# EXERCISE INPUTS:

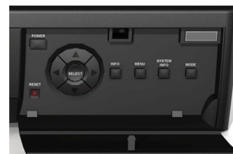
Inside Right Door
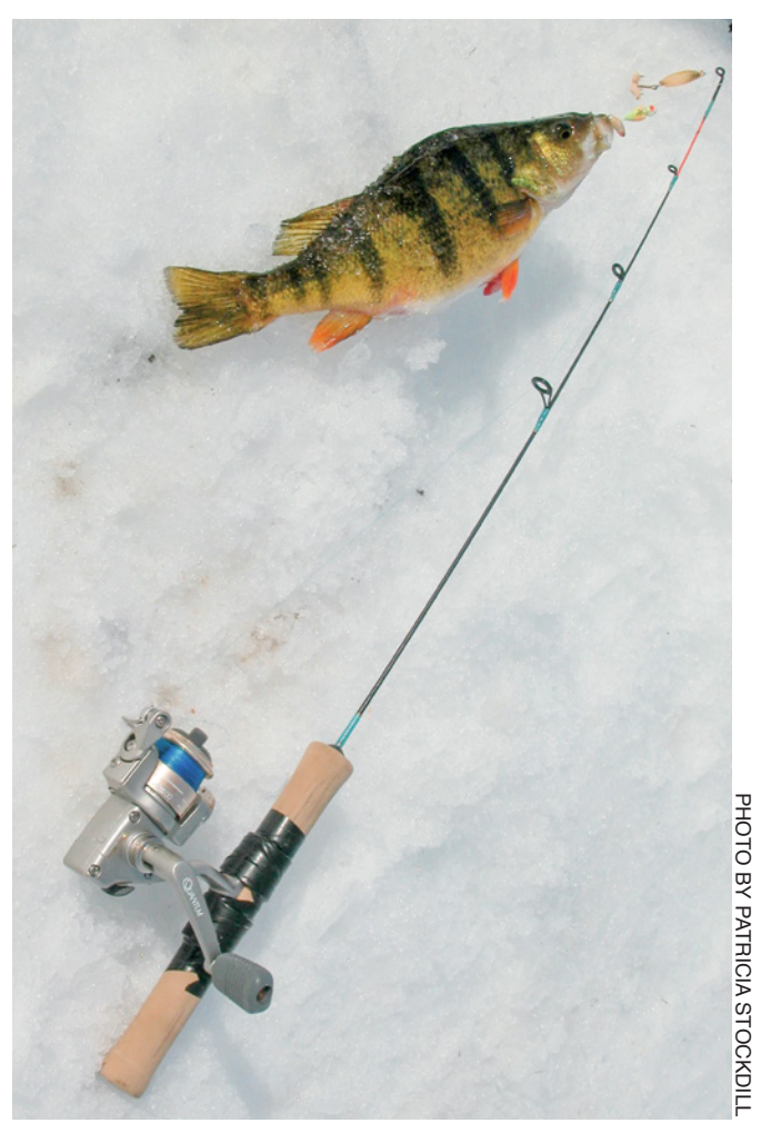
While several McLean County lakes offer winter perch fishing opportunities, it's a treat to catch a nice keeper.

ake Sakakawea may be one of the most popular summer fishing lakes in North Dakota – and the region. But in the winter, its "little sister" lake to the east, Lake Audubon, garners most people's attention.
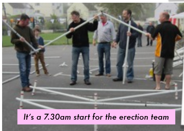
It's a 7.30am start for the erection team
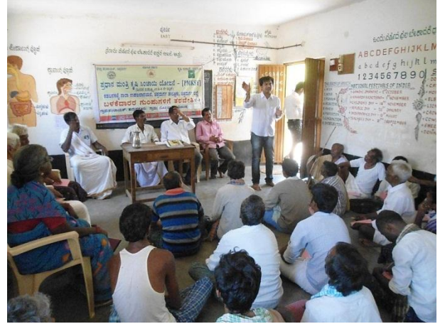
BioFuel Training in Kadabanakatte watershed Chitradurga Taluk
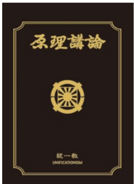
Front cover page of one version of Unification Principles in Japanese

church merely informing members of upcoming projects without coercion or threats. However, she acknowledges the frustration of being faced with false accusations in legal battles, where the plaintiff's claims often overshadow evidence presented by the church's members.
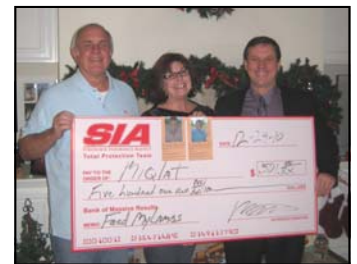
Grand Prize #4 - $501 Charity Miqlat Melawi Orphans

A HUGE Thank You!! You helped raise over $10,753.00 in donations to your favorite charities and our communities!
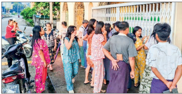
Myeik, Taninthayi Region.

# YOUR ASSIGNMENT:
What are the lines from the one containing "BioFuel Training in" through the end of the records? Write them out exactly, leaving out the pictures.

# EXERCISE SOLUTION:
BioFuel Training in Kadabanakatte watershed Chitradurga Taluk
Front cover page of one version of Unification Principles in Japanese

church merely informing members of upcoming projects without coercion or threats. However, she acknowledges the frustration of being faced with false accusations in legal battles, where the plaintiff's claims often overshadow evidence presented by the church's members.
Grand Prize #4 - $501 Charity Miqlat Melawi Orphans

A HUGE Thank You!! You helped raise over $10,753.00 in donations to your favorite charities and our communities!
Myeik, Taninthayi Region.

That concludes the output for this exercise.